[Information shown]:
──────

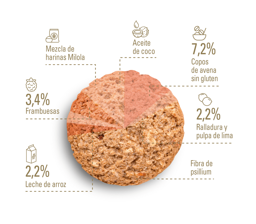 Copos de avena sin gluten, frambuesa jugosa y un toque refrescante de lima se unen en una galleta crujiente, sabrosa y llena de carácter. Inspirada en el clásico porridge, pero lista para llevar.
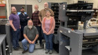 Mark McCarty (left) and his team show off their new Kodak NexPress 2500 in 2014. From left: Kaye Hendershott, Doug Evans, Steve Townsend and Rick Patton.
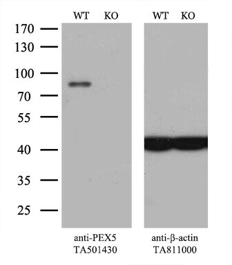 - Equivalent amounts of cell lysates (10 µg per lane) of wild-type 293T cells (WT, Cat# LC810293T) and PEX5-Knockout 293T cells (KO, Cat# LC812441) were separated by SDS-PAGE and immunoblotted with anti-PEX5 monoclonal antibody TA501430, (1:500). Then the blotted membrane was stripped and reprobed with anti-beta-actin antibody (TA811000) as a loading control.

──────

[How to complete this task]: Restate the listing above word for word, and skip the pictures.

[Output for this exercise]:
 Copos de avena sin gluten, frambuesa jugosa y un toque refrescante de lima se unen en una galleta crujiente, sabrosa y llena de carácter. Inspirada en el clásico porridge, pero lista para llevar.
 Mark McCarty (left) and his team show off their new Kodak NexPress 2500 in 2014. From left: Kaye Hendershott, Doug Evans, Steve Townsend and Rick Patton.
 - Equivalent amounts of cell lysates (10 µg per lane) of wild-type 293T cells (WT, Cat# LC810293T) and PEX5-Knockout 293T cells (KO, Cat# LC812441) were separated by SDS-PAGE and immunoblotted with anti-PEX5 monoclonal antibody TA501430, (1:500). Then the blotted membrane was stripped and reprobed with anti-beta-actin antibody (TA811000) as a loading control.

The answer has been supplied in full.